– А так. Простой немки сын. Подменили, говорят, робенком. Подкинули вместо настоящего робенка немчуру. Потому Усатый и дергается всегда, что не по нраву ему истинный православный дух. – И выругался негромко: – Пагаяро! Всю Россию вырядил в немецкое платье.
– Молчи, дурак!
Иван невольно поежился.
Вот какие неосторожные люди, эти казаки. Таких и слушать опасно. Даже случайно слушать таких опасно. Лучше уж повернуть ухо к ярыгам.
И правда повернул ухо к ярыгам.
– Купи шапку, – сказал один. – Смотри, какая шапка!
– Вижу, что мятая, – возразил другой.
– Да в мятости ль дело? Ты пощупай.
– Чай не баба!
– А ты все равно пощупай, не бойся. Я сроду не обману. Шапка мяхкая, как травка. Совсем не простая шапка.
– Я вижу, что не простая. Старая, тертая. Потому-то, наверное, и мяхкая, что хорошо тертая.
– Это не овчина, сам погляди. Это шапка из баранца.
– Все одно к одному, овчина.
– А вот не овчина, а баранец!
– Да в чем разница?
– Да в том разница, что шапка с низовьев Волги! Баранец только там растет. Это как бы животное-растение, и плод оно приносит, совсем похожий на ягненка. Стебель идет через пупок и возвышается на три пяди. Конечно, ноги мохнатые, рогов нет, передняя часть как у рака, а задняя – совершенное мясо. Всегда живет, не сходя с места. До тех пор не сходит с места, пока имеет вокруг себя пищу. А потом помирает, если охотники не возьмут.
3
Пряча в ладони плохо выбритый подбородок, Иван горбился на лавке, намертво врезанной в пол, чтобы ярыги не позволяли себе употребить ту лавку в драках. В теплом углу все слышно, в теплом углу все видно, в теплом углу тебя самого никто не видит, не замечает, можно сидеть да помалкивать. Ну, а сильно захочется, сам входи в разговор. Но с почтением входи. С уважением. А то, не дай Бог, ударят в лицо, ослепят ударом, выбросят на улицу. Не поможет и портрет Усатого, мало что вывешен в кабаке для душевного усмирения.

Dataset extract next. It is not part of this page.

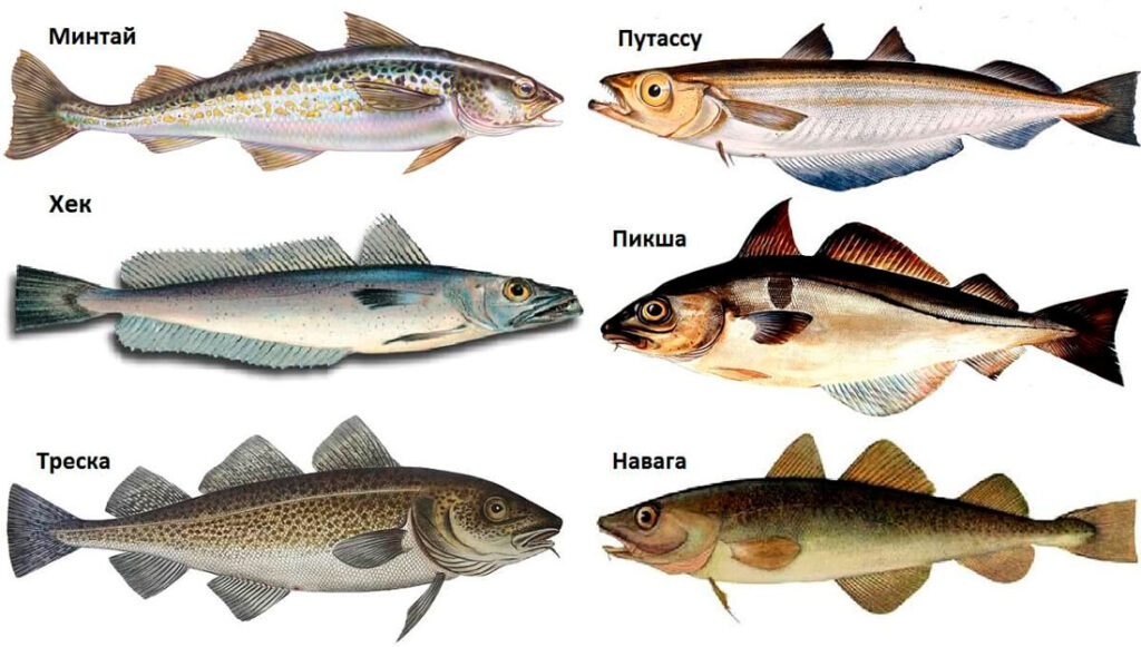 - треска (до 0,5%) — главный представитель семейства, средние размеры 45-55 см, обладает белым, сочным, мягким мясом, выраженным рыбным вкусом и ароматом;

Чувствовал, крепкое винцо туманит голову.
Еще не пьян, а уже туманит голову. И уже хочется чего-то. Как бы подергивают изнутри мелкие бесы. Застряло в голове необычное произнесенное казаком ругательство – пагаяро. Вот что за словечко? Откуда? Будто слышал когда-то. Совсем дикое словечко, нечеловеческое. По-хорошему, уйти бы от греха из кабака, спрятаться в опрятном домике доброй соломенной вдовы Саплиной, никого не трогать. Читать негромко умные книги, замышлять неторопливо добрые дела. А то всем известно, от пьяного человека хорошего не жди. От пьяного человека удаляется ангел-хранитель, заступают на его место бесы, вводят в пустой кураж.
Хмыкнув, Иван отмахнулся: да какие бесы? Сегодня же праздник! Зачем ему, секретному дьяку, спешить домой? Разве он не человек? Зачем прятаться в четырех стенах? Он же хочет по-человечески посидеть…
Но внутри Иван уже и сам понимал: это бесы.
Это они, окаянные, нашептывают, томят, собаки, с утра. Это они жарко подогревают кровь, гонят ее по жилам. Вот раньше, в Москве, с Иваном такого не случалось. Ну, запивал, с кем такого не бывало? – но не так, не вкрутую. Москва сама по себе – город тихий. На холме Покровский собор. Внизу многия городские ворота – Тверские, Пречистенские, Арбатские, Никитские, Серпуховские. Через речку Неглинную переброшен деревянный мост. В Бабьем городке у Крымского моста лениво вертятся крылья мельниц, а с Кузнецкого моста несет нежным древесным дымом. После покойной белой Москвы, после старинных изб, бесчисленных искривленных переулков, после колоколен, палисадов и белых кремлевских стен, если мрачнеющих, то только на закате, мрачный солдатский Санкт-Петербурх, плоско простертый по островам, до сих пор казался Ивану нечеловеческим, все его пугало в Санкт-Петербурхе, но, вот странно, влекло. И неестественные плоскости низкого белесого неба, и простор белесой Невы, и всякая речь на площадях, часто нерусская. Игла крепости Петра и Павла отчетливо касалась низкого неба, берега бесконечно тянулись, выказывая устроенные на них пеньковые амбары, гарнизонные цейхгаузы, церкви с голландскими шпицами, мельницы, бедные мазанки, дворцы, смолокурни. И грязь везде. Топь да болота. У каждого въезжающего в город требуют булыжник с души, иначе – шум, наказание.